Eu vi um dragão… (por Marcelino Lira)

20 08 2007

 

dragao.jpg

Eu nem sabia que existia…A despeito de lidar com a área que é costumeiro vê-los. Alguns já haviam dito que era possível e outros já haviam afirmado que tinham visto, embora eu achasse improvável.Outros chegaram até a ver que seria possível a transformação de um homem em dragão. Não achei que fosse possível. Dragões são, por natureza, diferentes dos homens. A sua natureza animal faz com que ele seja diferente. A sua natureza draconiana difere da nossa, humana. Somos diferentes a ponto de não nos reconhecermos iguais.Surge então uma pessoa que é, possivelmente, a prova que posso estar enganado. Alguém que sendo humano pode migrar de uma natureza para outra. Há quem tenha conhecido quando a natureza humana ainda era preponderante. Que via em sua face a possibilidade de encontrar humanidade e, assim, ter a “contraposição” específica de reconhecimento no outro.Parece que este leviatã não nasce humano, contudo, seja possível que tenha se transformado com o tempo, ou seja, de humano em draco.

Sua face revela a dinâmica da fome eterna. Da procura pela detruição. Não consegue descansar sem acordar com sustos  e pesadelos. Sabe que os humanos são seus persecutores (ainda que, em sua maioria, nem sequer liguem para sua existência). Enrola a sua calda a modo de trama para que não possa ser pego de surpresa. Sua malha de escamas parece intransponível ao ataque. Sua mente hiperativa é capaz de ver no mínimo ato um ataque potencial. Nada é passível de desprezo, pois, em sua mente, não pode negligenciar. Cada migalha pode gerar o seu fim. Por isso é “forçado” a destruir tudo por onde passa. Quando se arrasta por um lugar, nada de fértil parece resistir…Suas patas agarram a natureza, sendo que suas garras perfuram toda a delicadeza. O peso de seu corpo e demais para a relva. Seus atos de tamanha obscuridade que o fazem denso. A figura mitológica comporta um ar de sobrenatural.
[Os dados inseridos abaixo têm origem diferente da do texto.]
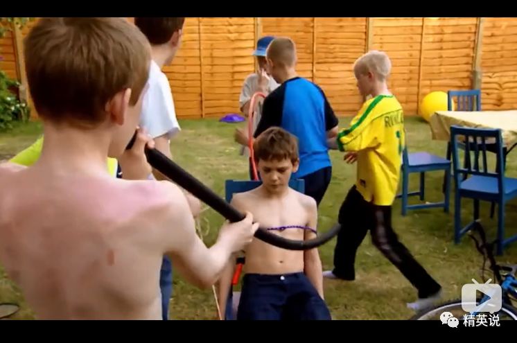 **隨着破壞的深入,一開始就飽受詬病的男孩邁克爾成了新的攻擊對象。**男孩們下意識地認為,他是所有人當中最調皮搗蛋的那個,於是他們把邁克爾綁在了花園裏,作勢要拿水管抽他,邁克爾卻傻乎乎地樂呵着。

O que podemos analisar é que a figura sofre, e isso é inevitável. Perceber o sofrimento que tenta desesperadamente esconder não é difícil. Seus olhos vermelhos de dragão, fugidios ou fixos, são reveladores que tem uma alma conturbada. Que engole a si mesma em uma repetição infinita. O gosto de sua própria essência é nauseante. O estágio do espelho desesperador. Ele sofre. Sofre. Sofre.Faz sofrer muito mais que sofre.
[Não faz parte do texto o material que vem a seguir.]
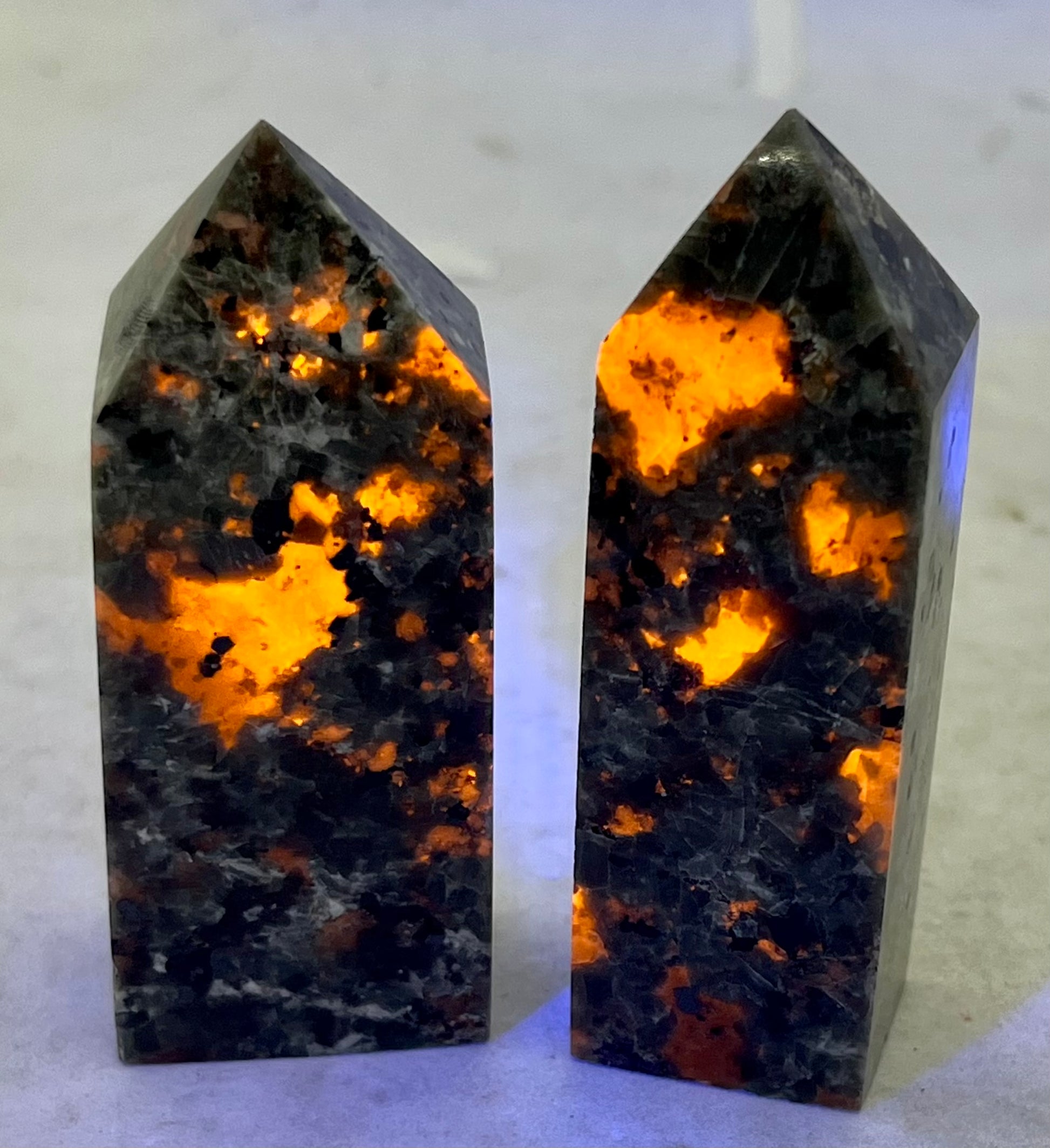 Yooperlite Tower measures approximately 3 inches tall. They are UV reactive.

Aqueles que cruzam o seu caminho não sobram sem lesão. A maioria tem medo. Outros querem-no morto. Poucos querem vê-lo humilhado. Menos ainda curado.

O que é certo é que a situação é intrigante. Um homem-dragão. Formado do fogo do desejo da proteção do perigo que não existe. Pelo medo da mediocridade de seus pensamentos. Do temor de não ser o melhor, que jamais será. Dos bons sentimentos, que aparentemente tinha, e que transformaram a luz de sua visão em sombras. Da sua boca flamejante, as labaredas que são a tônica do que existe em sua essência.  Intrigante… Puramente intrigante…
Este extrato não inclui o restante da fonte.